_PROBLEM STATEMENT:_ Pictures in the listing should not be copied. Reproduce, word for word, each line from the one holding "青春。実は文化祭の前日、突然" through the final line.

### DATA FOR REVIEW

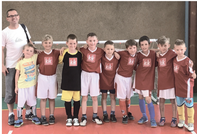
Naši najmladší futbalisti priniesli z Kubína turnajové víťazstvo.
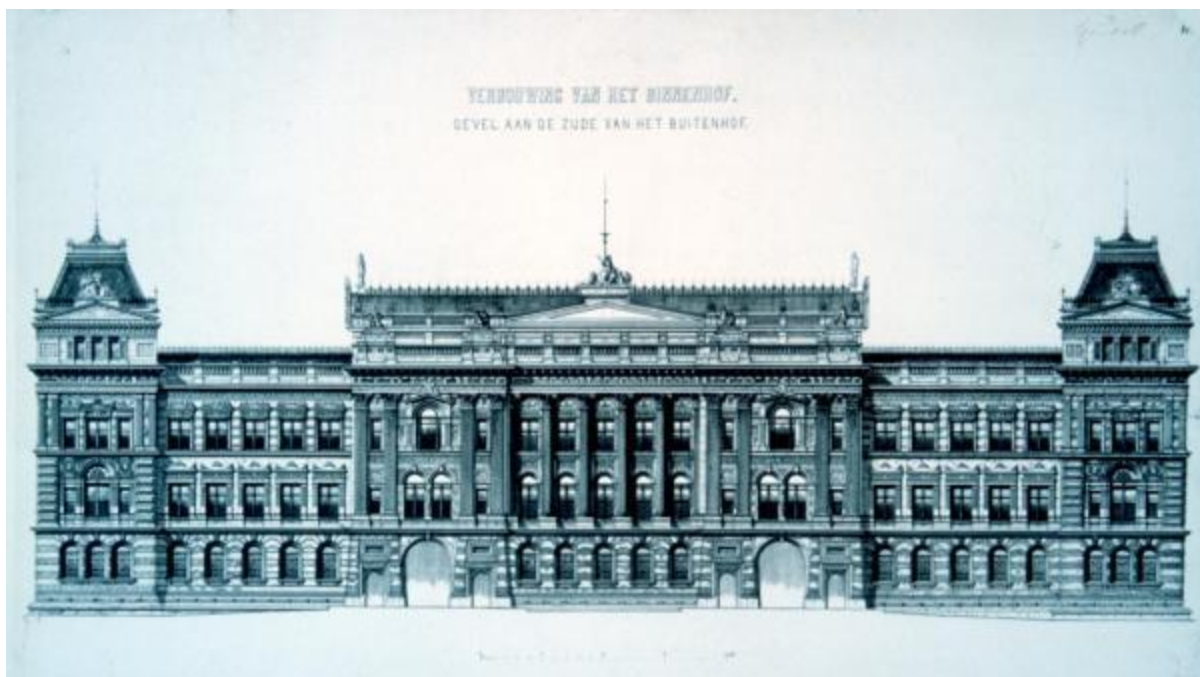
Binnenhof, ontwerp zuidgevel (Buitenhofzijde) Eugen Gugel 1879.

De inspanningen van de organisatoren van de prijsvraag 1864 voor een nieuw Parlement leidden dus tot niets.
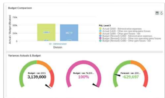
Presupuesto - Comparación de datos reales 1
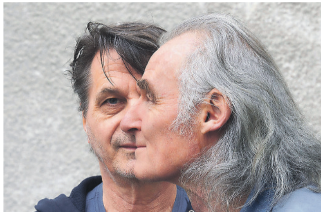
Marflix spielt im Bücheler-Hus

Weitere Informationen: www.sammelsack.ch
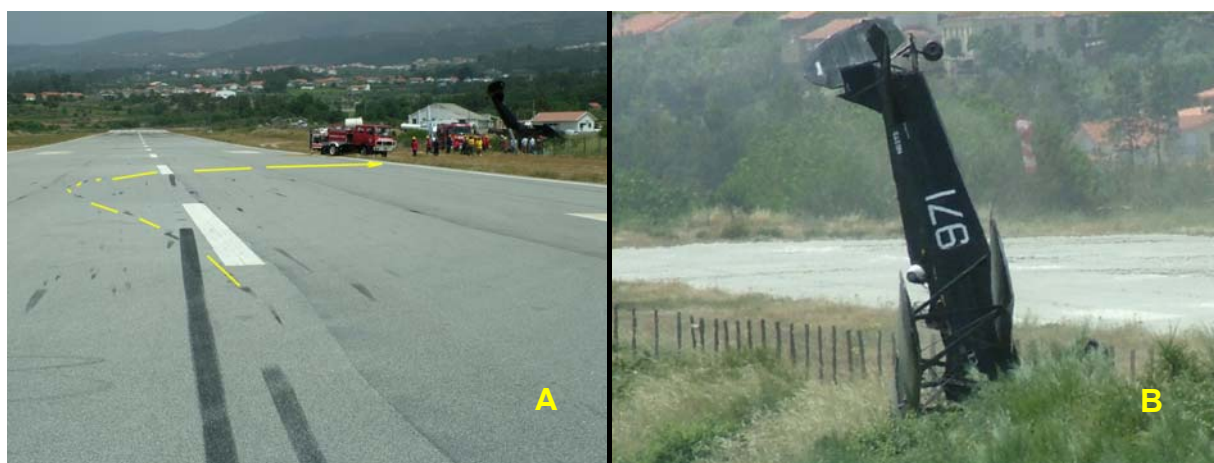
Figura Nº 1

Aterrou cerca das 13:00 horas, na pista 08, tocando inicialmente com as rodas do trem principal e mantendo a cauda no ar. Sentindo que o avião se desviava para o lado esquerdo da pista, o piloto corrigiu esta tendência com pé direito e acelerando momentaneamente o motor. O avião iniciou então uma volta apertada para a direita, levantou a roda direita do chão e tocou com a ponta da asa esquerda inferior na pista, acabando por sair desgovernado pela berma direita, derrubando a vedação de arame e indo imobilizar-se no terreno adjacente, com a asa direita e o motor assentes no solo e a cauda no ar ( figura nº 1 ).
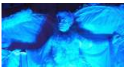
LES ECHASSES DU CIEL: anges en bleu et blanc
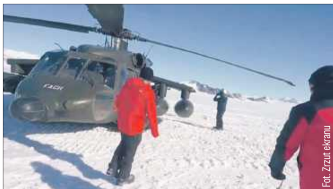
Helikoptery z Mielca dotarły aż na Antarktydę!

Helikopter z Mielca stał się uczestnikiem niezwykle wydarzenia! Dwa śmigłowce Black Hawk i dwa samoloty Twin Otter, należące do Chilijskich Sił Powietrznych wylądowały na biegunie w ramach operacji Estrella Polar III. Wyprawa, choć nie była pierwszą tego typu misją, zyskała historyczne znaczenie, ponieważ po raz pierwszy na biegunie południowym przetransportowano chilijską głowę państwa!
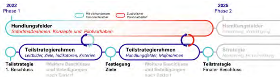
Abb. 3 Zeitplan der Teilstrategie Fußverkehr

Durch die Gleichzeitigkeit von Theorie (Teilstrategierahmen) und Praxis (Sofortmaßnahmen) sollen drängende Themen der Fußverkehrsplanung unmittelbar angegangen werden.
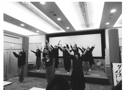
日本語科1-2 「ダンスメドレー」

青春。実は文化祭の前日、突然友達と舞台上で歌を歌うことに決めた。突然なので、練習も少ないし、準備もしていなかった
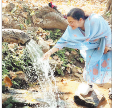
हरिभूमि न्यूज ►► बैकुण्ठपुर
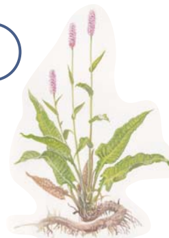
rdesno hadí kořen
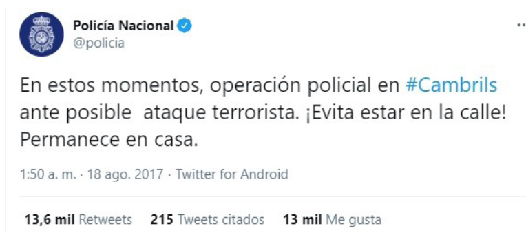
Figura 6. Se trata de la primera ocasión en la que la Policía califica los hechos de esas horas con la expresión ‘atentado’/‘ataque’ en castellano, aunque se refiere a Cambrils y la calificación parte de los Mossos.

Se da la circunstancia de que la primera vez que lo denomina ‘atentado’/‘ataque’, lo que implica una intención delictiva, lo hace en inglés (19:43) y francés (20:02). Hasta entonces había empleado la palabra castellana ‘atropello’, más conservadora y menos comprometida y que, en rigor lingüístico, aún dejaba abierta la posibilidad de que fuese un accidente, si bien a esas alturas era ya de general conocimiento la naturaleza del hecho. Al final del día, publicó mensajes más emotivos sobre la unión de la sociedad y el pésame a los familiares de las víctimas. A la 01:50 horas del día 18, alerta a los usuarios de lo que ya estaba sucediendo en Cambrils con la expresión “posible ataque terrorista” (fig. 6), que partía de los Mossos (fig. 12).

######

_SOLUTION TO THE PROBLEM:_
青春。実は文化祭の前日、突然友達と舞台上で歌を歌うことに決めた。突然なので、練習も少ないし、準備もしていなかった
हरिभूमि न्यूज ►► बैकुण्ठपुर
rdesno hadí kořen
Figura 6. Se trata de la primera ocasión en la que la Policía califica los hechos de esas horas con la expresión ‘atentado’/‘ataque’ en castellano, aunque se refiere a Cambrils y la calificación parte de los Mossos.

Se da la circunstancia de que la primera vez que lo denomina ‘atentado’/‘ataque’, lo que implica una intención delictiva, lo hace en inglés (19:43) y francés (20:02). Hasta entonces había empleado la palabra castellana ‘atropello’, más conservadora y menos comprometida y que, en rigor lingüístico, aún dejaba abierta la posibilidad de que fuese un accidente, si bien a esas alturas era ya de general conocimiento la naturaleza del hecho. Al final del día, publicó mensajes más emotivos sobre la unión de la sociedad y el pésame a los familiares de las víctimas. A la 01:50 horas del día 18, alerta a los usuarios de lo que ya estaba sucediendo en Cambrils con la expresión “posible ataque terrorista” (fig. 6), que partía de los Mossos (fig. 12).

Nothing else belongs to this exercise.